今にも消えてしまいそうな、青白く儚げな月が、青々と広がる朝の空に、控えめに浮かんでいる。

むかしむかし。
身を挺して飢えから神様を守ったウサギたちは、その大きな耳を翼へと変えて、はためかせ、月へ飛んでいった。

むかしむかし。
海底を歩き、浜辺を歩き、波を害さず。
海の良き友人であったカニたちは、海の潮に導かれて、月へたどり着いた。

むかしむかし。
月の動きを重んじ、同調圧力に屈することも弾圧に屈することもなく、最期まで月の良き理解者であった魔女たちは、月への行き方を知っていた。

むかしむかし。
蔦と茂みの中を差し込む月の光で、真っ先に目覚めるワニたちは、星の川を泳いで、月へと昇った。

むかしむかし。
月の光を一身に浴びて眠るライオンは、夢の道を通って、月へ迷い込んだ。

むかしむかし。
蓮の葉の影から月光を眺めて、月の美しさに敬意と祈りを捧げていたヒキガエルは、月の後を追いかけて、月へ追いついた。

やがて月は地球から、ゆっくりと逃げていった。
自分の仲間たちを、腹の中に抱いたまま。

月が離れていくと、空の崩壊が始まった。
空はゆっくりゆっくり、太陽に引き込まれていった。

空は太陽に引っ張られながら、でも今も、青々と僕たちを見下ろしている。
ゆっくりと遠ざかっていく月は、青い空の端に弓形の背中がみえるだけだ。

月の背中は遠い。
僕は月に手を伸ばす。
昔から、月に触れてみたかった。
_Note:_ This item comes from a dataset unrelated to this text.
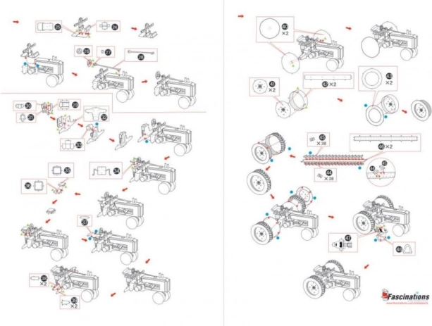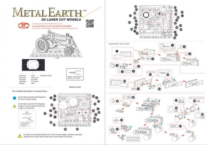 Posamezne dele iztisnite iz kovinskih plošč; po potrebi uporabite majhne ščipalne klešče (niso priložene). Delci se med seboj povezujejo z zaklepi, ki jih tvorita zatič in odprtina. Zatič upognite s pomočjo majhnih ozkih klešč (niso priložene) ter postopoma povežite vse zaklepe, dokler ne nastane zelo realističen mojstrski izdelek!

月が大好きだった。
月はずっと、大切な僕の友人だった。
そんな僕は、地球に愛想を尽かして逃げ行く月の、その小さな後ろ姿にでさえ、縋らずにはいられない。

月に願いを。
僕は月に手を伸ばし、月に願いを込める。
どうか、戻って来てください。僕の大切な友人様。
あなたがいなくては僕がやっていけないから。

せめて僕の友人を帰してください。
あなたが帰らなければ僕は2つの友人を一気に失ってしまうから。

伸ばした手が、震えて降りる。
ザザンッ……音だけが寂しく響く。
僕は揺蕩う波の中を泳ぐ魚たちを、優しく揺すりながら空を見上げる。

僕は海。地球上で月と一番仲が良いものだと自惚れていた、月の友人。

空を見上げる。
かつての友人の背中が、遠くに見える。
微かに体が震えて、小さく波を立てた。